Records shown START
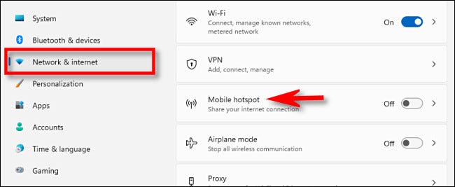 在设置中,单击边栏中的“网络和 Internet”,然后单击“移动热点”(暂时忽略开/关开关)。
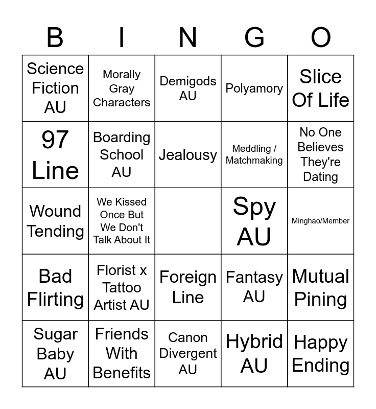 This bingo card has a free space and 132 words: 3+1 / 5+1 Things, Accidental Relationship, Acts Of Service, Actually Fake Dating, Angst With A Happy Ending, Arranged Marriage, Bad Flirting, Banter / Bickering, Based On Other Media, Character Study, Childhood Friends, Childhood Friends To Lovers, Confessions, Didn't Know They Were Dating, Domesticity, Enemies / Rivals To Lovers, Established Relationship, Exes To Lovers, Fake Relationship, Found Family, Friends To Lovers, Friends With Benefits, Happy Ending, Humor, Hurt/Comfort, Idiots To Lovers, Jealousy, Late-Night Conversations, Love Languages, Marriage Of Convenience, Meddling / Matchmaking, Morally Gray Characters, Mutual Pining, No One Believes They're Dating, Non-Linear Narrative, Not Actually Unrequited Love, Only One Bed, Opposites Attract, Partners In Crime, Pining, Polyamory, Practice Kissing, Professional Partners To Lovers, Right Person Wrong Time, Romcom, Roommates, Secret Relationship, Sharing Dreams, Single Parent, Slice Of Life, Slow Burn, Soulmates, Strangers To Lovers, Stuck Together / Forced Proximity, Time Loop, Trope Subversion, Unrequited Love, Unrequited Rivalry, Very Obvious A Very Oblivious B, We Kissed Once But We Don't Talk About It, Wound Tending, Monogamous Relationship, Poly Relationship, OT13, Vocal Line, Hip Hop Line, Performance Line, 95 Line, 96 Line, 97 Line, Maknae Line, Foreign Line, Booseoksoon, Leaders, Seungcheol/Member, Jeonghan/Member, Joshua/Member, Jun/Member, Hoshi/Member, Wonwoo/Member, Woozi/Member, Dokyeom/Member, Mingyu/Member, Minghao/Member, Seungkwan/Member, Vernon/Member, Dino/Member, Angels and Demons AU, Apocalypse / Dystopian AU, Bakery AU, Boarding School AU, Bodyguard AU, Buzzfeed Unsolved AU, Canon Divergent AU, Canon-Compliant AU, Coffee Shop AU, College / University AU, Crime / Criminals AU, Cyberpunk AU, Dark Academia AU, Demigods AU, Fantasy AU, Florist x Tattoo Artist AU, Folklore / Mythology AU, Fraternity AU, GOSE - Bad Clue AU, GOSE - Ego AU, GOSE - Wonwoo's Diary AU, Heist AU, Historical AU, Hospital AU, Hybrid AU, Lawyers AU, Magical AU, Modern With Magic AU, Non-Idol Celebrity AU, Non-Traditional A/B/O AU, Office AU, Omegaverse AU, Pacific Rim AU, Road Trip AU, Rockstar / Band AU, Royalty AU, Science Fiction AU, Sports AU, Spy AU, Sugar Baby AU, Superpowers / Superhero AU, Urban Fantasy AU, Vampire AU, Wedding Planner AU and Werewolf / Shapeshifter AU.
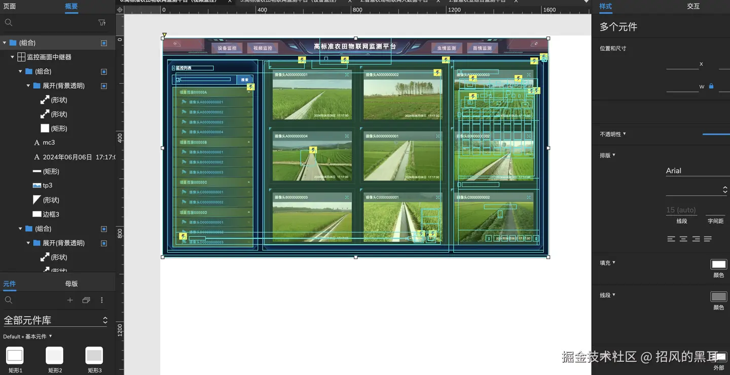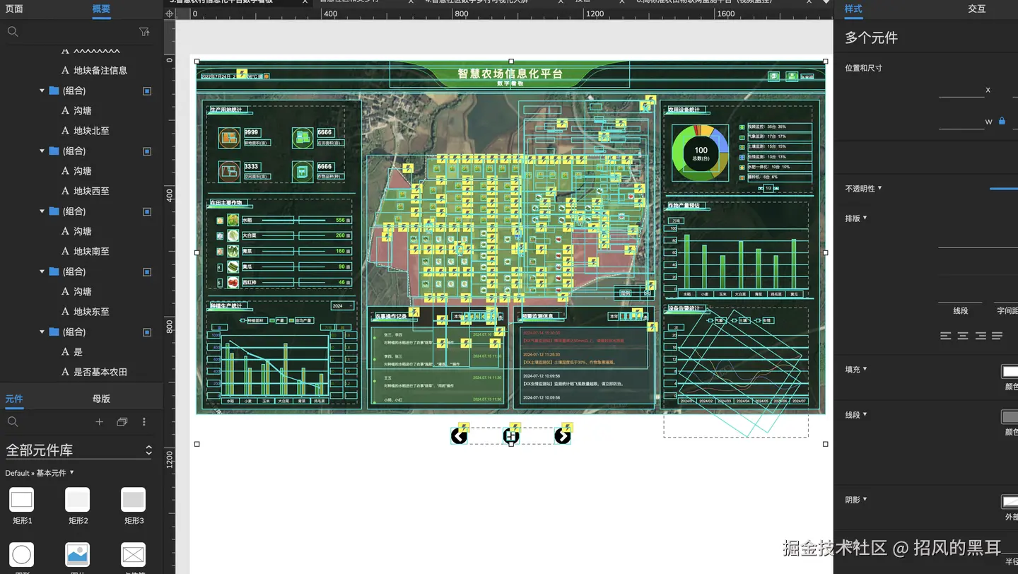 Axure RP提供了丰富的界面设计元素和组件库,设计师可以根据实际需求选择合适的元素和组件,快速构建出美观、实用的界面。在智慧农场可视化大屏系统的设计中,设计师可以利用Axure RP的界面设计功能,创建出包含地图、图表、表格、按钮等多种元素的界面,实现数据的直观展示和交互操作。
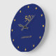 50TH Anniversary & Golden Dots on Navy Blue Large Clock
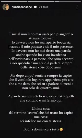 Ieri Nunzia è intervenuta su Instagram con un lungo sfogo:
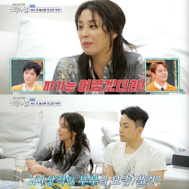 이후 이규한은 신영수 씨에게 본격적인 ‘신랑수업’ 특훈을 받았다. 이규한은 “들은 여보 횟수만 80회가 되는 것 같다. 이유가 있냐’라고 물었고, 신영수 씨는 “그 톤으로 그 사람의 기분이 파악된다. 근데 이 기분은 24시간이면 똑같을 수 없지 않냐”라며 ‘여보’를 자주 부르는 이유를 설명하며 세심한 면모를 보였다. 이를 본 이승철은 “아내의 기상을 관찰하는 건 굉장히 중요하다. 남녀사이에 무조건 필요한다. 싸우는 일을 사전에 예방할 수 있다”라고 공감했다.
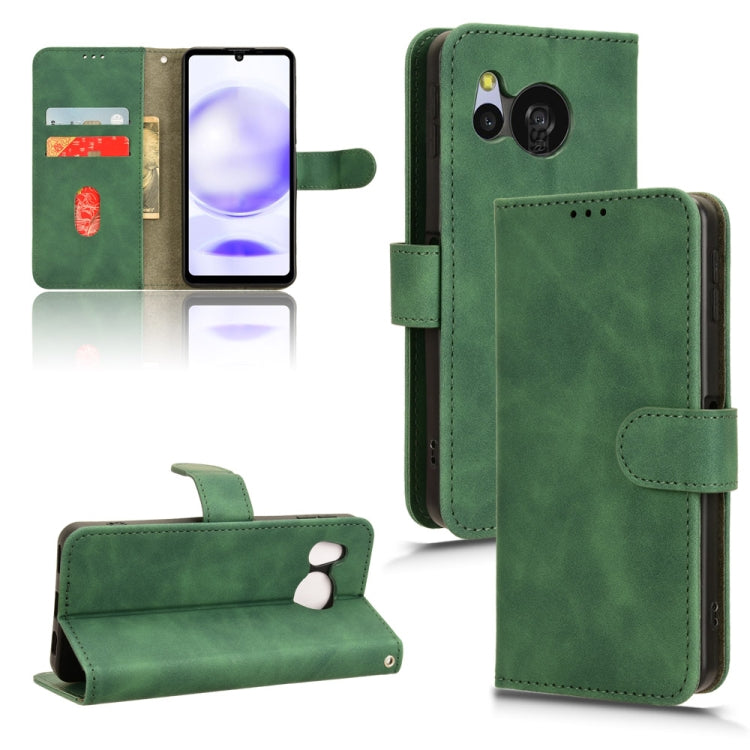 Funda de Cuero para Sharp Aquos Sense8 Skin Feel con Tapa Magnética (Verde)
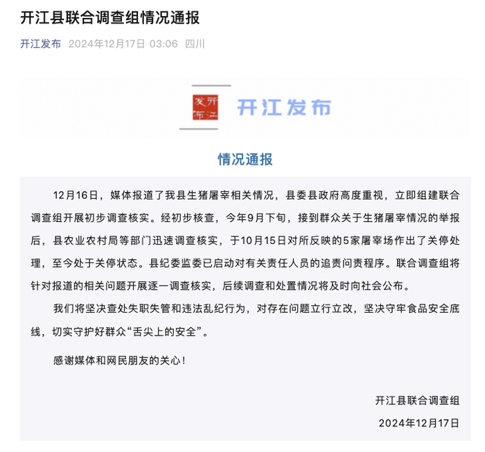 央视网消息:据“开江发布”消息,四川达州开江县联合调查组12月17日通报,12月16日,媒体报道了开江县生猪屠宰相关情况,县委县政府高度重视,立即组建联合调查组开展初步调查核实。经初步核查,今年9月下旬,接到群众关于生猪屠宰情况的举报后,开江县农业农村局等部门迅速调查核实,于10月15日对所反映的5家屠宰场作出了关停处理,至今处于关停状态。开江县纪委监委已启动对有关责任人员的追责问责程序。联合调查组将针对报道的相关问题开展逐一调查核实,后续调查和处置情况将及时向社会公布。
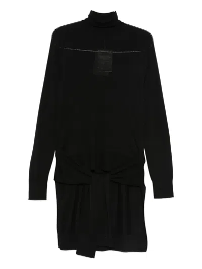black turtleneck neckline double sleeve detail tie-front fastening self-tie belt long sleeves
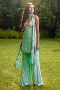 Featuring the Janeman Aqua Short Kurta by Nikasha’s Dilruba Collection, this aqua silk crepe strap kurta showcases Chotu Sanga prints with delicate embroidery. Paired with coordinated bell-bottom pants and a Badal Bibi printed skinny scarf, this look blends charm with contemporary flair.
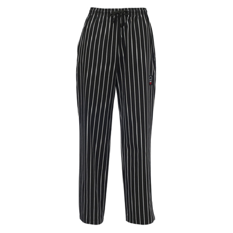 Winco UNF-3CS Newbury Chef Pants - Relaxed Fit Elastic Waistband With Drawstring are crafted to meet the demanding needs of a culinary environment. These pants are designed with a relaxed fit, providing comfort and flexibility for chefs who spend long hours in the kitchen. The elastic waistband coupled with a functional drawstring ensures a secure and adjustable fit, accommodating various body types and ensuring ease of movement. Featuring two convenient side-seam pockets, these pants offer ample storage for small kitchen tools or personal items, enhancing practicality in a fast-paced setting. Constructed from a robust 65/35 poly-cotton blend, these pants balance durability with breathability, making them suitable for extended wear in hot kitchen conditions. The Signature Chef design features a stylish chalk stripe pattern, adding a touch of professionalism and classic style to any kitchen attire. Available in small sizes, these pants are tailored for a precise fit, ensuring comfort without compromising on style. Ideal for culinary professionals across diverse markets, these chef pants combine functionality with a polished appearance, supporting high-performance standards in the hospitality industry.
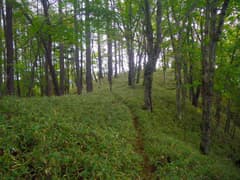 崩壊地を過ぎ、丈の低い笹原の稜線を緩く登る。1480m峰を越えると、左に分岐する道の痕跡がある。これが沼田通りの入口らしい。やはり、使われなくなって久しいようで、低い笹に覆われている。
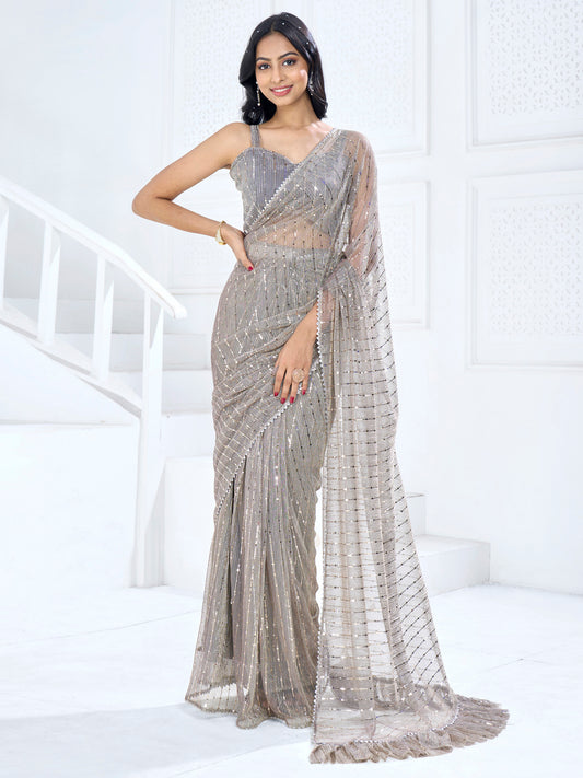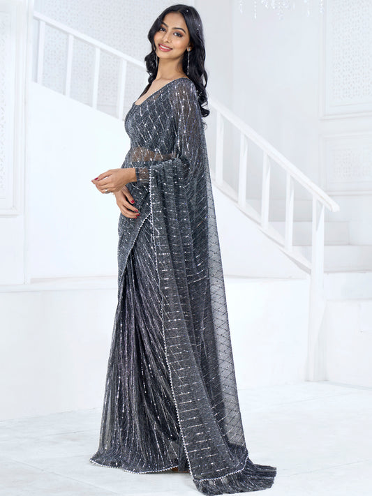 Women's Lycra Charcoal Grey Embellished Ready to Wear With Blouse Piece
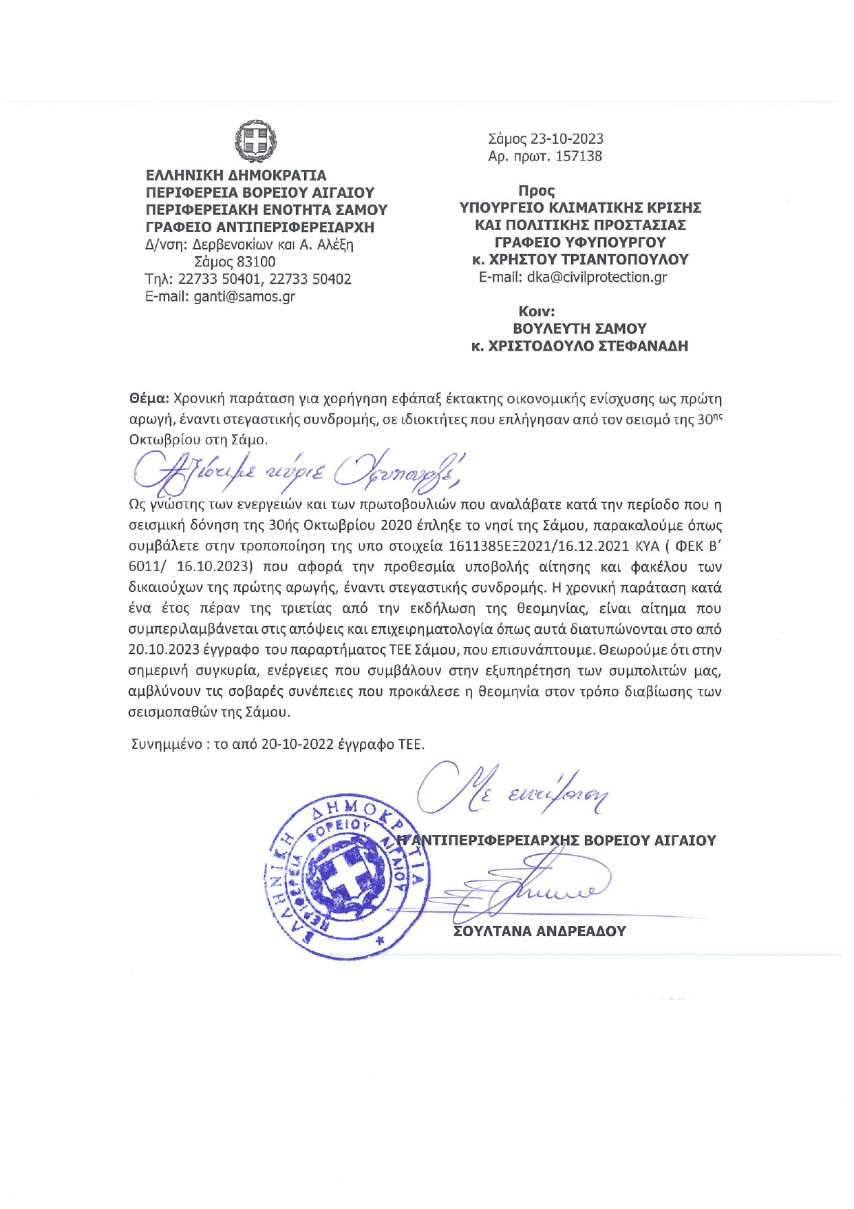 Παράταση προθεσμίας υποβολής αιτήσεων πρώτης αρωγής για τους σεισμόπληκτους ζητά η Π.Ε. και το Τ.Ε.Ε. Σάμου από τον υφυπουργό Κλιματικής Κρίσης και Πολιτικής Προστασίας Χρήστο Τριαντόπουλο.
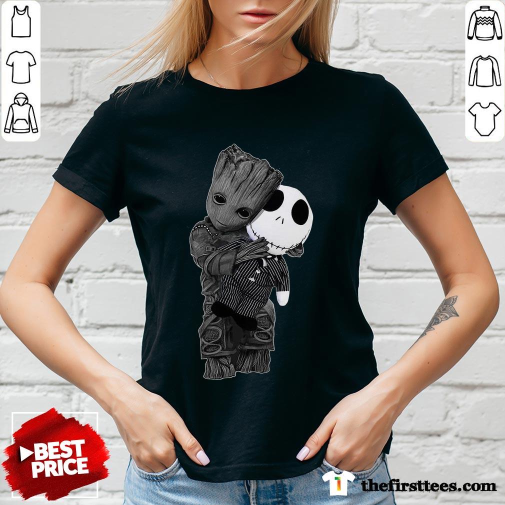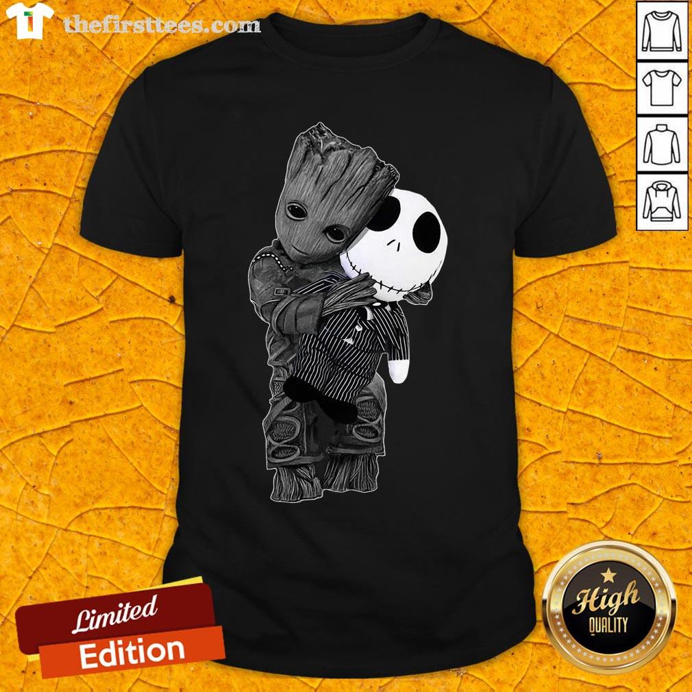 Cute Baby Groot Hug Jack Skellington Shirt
Records shown END
## Task to carry out
From the line containing "Women's Lycra Charcoal" through the line containing "Παράταση προθεσμίας υποβολής", copy every line above exactly, without pictures.

## Task output
 Women's Lycra Charcoal Grey Embellished Ready to Wear With Blouse Piece
 Παράταση προθεσμίας υποβολής αιτήσεων πρώτης αρωγής για τους σεισμόπληκτους ζητά η Π.Ε. και το Τ.Ε.Ε. Σάμου από τον υφυπουργό Κλιματικής Κρίσης και Πολιτικής Προστασίας Χρήστο Τριαντόπουλο.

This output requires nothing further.